When Jimmy Knowles landed his first job, it was like a scene plucked straight out of a movie. As senior class president at Ithaca College, Knowles was charged with finding a commencement speaker, and ultimately selected Amy Kule, who served as group vice president at Macy’s and managed tentpole events like the Thanksgiving Day Parade and 4th of July Fireworks Show. The duo got to talking during breakfast on the morning of the ceremony, and when Kule finally took the stage, she didn’t just deliver a speech—she offered Knowles a job in front 11,000 people. It was an opportunity that would go on to influence the entire trajectory of his career.
And thus, Knowles’ event marketing journey began. He accepted the position as an associate producer of the Macy’s Thanksgiving Day Parade, something he refers to as his first “toe-dip” into experiential at a time when the discipline was still essentially in its infancy. From there, he had a stint as a junior publicist at Fox working on the network’s Upfronts.
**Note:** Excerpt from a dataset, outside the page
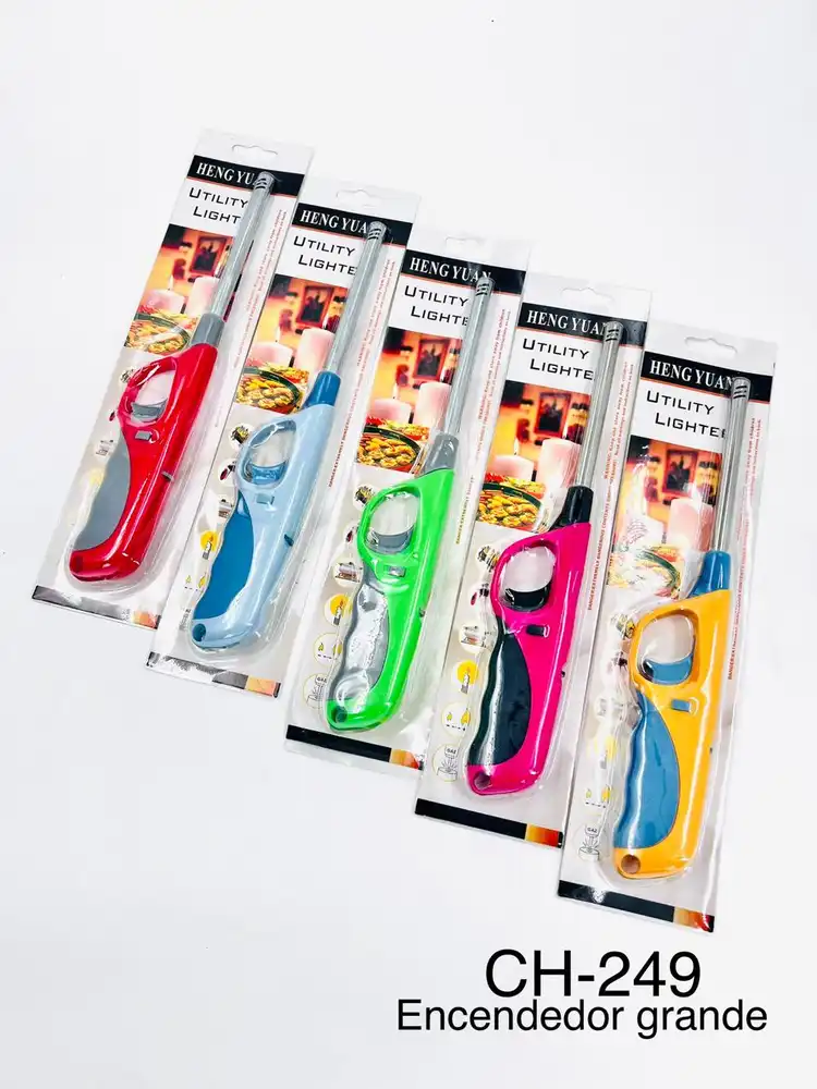 El encendedor grande de cuello largo es una herramienta práctica y segura diseñada para facilitar el encendido de velas, estufas, parrillas, chimeneas y otros elementos del hogar. Su diseño alargado permite alcanzar zonas profundas o de difícil acceso, brindando mayor comodidad y seguridad durante su uso.
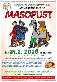 Masopust v Koberovech se uskuteční 21. února 2026 od 11 hodin před Obecním úřadem. Návštěvníci se mohou těšit na ochutnávky zabijačkových specialit, masopustních koblih a koláčů.

It was in that role that he met Ryan Seacrest (yes, that Ryan Seacrest), who had just acquired a major stake in Civic Entertainment Group, where Knowles then went on to work for the next decade.
He worked primarily on the Airbnb account at Civic, helping execute events like Airbnb House at the Sundance Film Festival, Airbnb Park at SXSW and the colossal Airbnb Open event for platform hosts. But as many event profs do, Knowles eventually found himself moving from the agency side of the biz to the brand side, and the timing couldn’t have been better. He had just moved out of his New York City apartment and was looking for his next big venture when a friend from Airbnb who had moved to Canva called to offer him a role as the first-ever global head of experiential at the company.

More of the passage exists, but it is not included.